INT104 coursework 2 (student id: 1931391)

# Install all related packages which will be Used

import time
import pandas as pd
import seaborn as sns
from sklearn.svm import SVC
import matplotlib.pyplot as plt
from sklearn.cluster import KMeans
from sklearn.decomposition import PCA
from pandas.plotting import scatter_matrix
from sklearn.metrics import confusion_matrix
from sklearn.tree import DecisionTreeClassifier
from sklearn.neighbors import KNeighborsClassifier
from sklearn.model_selection import cross_validate, cross_val_score

Step 1: dimensionality reduction (PCA algorithm)

def pca_and_visualize(input_file, output_file, unit_index, label):
    """
    :param input_file: str, input data file path
    :param output_file: str, output file path
    :param unit_index: str, column name of unit index
    :param label: str, column name of label
    """

    # Read the raw data.csv file
    df = pd.read_csv(input_file)

    # Delete the Label=2 value in dataframe
    df = df[df['Label'] != 2]

    # Separate the data frame of Patient index and multiple feature columns
    df_features = df.drop([label], axis=1)

    # Separate the data frame with Patient index and Label
    df_labels = df[[unit_index, label]]

    # Perform PCA dimensionality reduction on the feature columns
    pca = PCA(n_components=10)
    pca_result = pca.fit_transform(df_features.iloc[:, 1:].values)

    # Build a new data frame
    df_pca = pd.DataFrame(pca_result, columns=['PC1', 'PC2', 'PC3', 'PC4', 'PC5', 'PC6', 'PC7', 'PC8', 'PC9', 'PC10'])
    df_pca.insert(0, unit_index, df_features[unit_index])

    # Align and merge the second data frame with the new data frame obtained in step three using a common Patient index
    df_new = pd.merge(df_pca, df_labels, on=unit_index)

    # Save PCA result to CSV file
    df_new.to_csv(output_file, index=False)
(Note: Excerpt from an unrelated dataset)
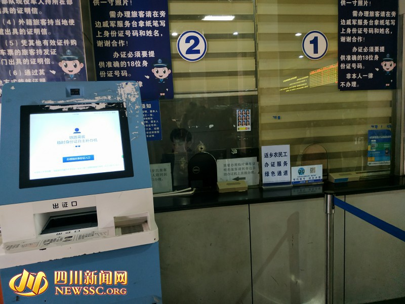 同时,四川新闻网记者注意到,在火车北站售票大厅公安制证点,除了人工服务,还设置了自助机,可以为遗失或者遗忘带身份证的乘客提供临时身份证明,只需要几分钟就可以办理好,该机器全国联网,临时身份证明可以用于住店、乘坐飞机、火车等。

    # Draw scatter plot (PC1, PC2, PC3)
    fig = plt.figure(figsize=(10, 10))  # Set the size of the Figure
    ax = fig.add_subplot(projection='3d')
    groups = df_new.groupby(label)
    for name, group in groups:
        ax.scatter(group['PC1'], group['PC2'], group['PC3'], label=name)
    ax.legend()
    ax.set_xlabel('PC1')
    ax.set_ylabel('PC2')
    ax.set_zlabel('PC3')
    plt.title('PCA')
    plt.subplots_adjust(left=0.1)  # Adjust left margin whitespace
    plt.show()
    fig.savefig('PCA10_scatter_plot.png')

    # Draw scatter matrix
    scatter_matrix(df_new.iloc[:, :-1], c=df_new[label], figsize=(20, 20), marker='o')
    plt.show()
    fig.savefig('PCA10_scatter_matrix.png')

    # Draw heatmap
    plt.figure(figsize=(15, 15))
    ax = plt.subplot()
    sns.heatmap(df_new.corr(), annot=True, ax=ax)
    plt.show()
    fig.savefig('PCA10_heatmap.png')

    # Test model performance
    print('Variance contribution rates (10):',
          sum(pca.explained_variance_ratio_))
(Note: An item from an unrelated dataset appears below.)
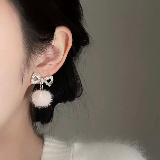 闪钻蝴蝶结毛球耳夹 Clip On Earring

    # Additionally, calculate variance contribution rates of the first 2, 3, 6 principal components
    pca_2 = PCA(n_components=2)
    pca_3 = PCA(n_components=3)
    pca_6 = PCA(n_components=6)
    pca_2.fit(df_features.iloc[:, 1:].values)
    pca_3.fit(df_features.iloc[:, 1:].values)
    pca_6.fit(df_features.iloc[:, 1:].values)
    print('Variance contribution rates (2):',
          sum(pca_2.explained_variance_ratio_))
    print('Variance contribution rates (3):',
          sum(pca_3.explained_variance_ratio_))
    print('Variance contribution rates (6):',
          sum(pca_6.explained_variance_ratio_))

    # Fit PCA model with cross-validation
    print('Cross validate scores:',
          cross_validate(pca, df, cv=10))


if __name__ == '__main__':
    start_time = time.time()
    pca_and_visualize('Data.csv', 'PCA10_data.csv', 'Patient index', 'Label')
    end_time = time.time()
    print('Execution time: {:.2f}s'.format(end_time - start_time))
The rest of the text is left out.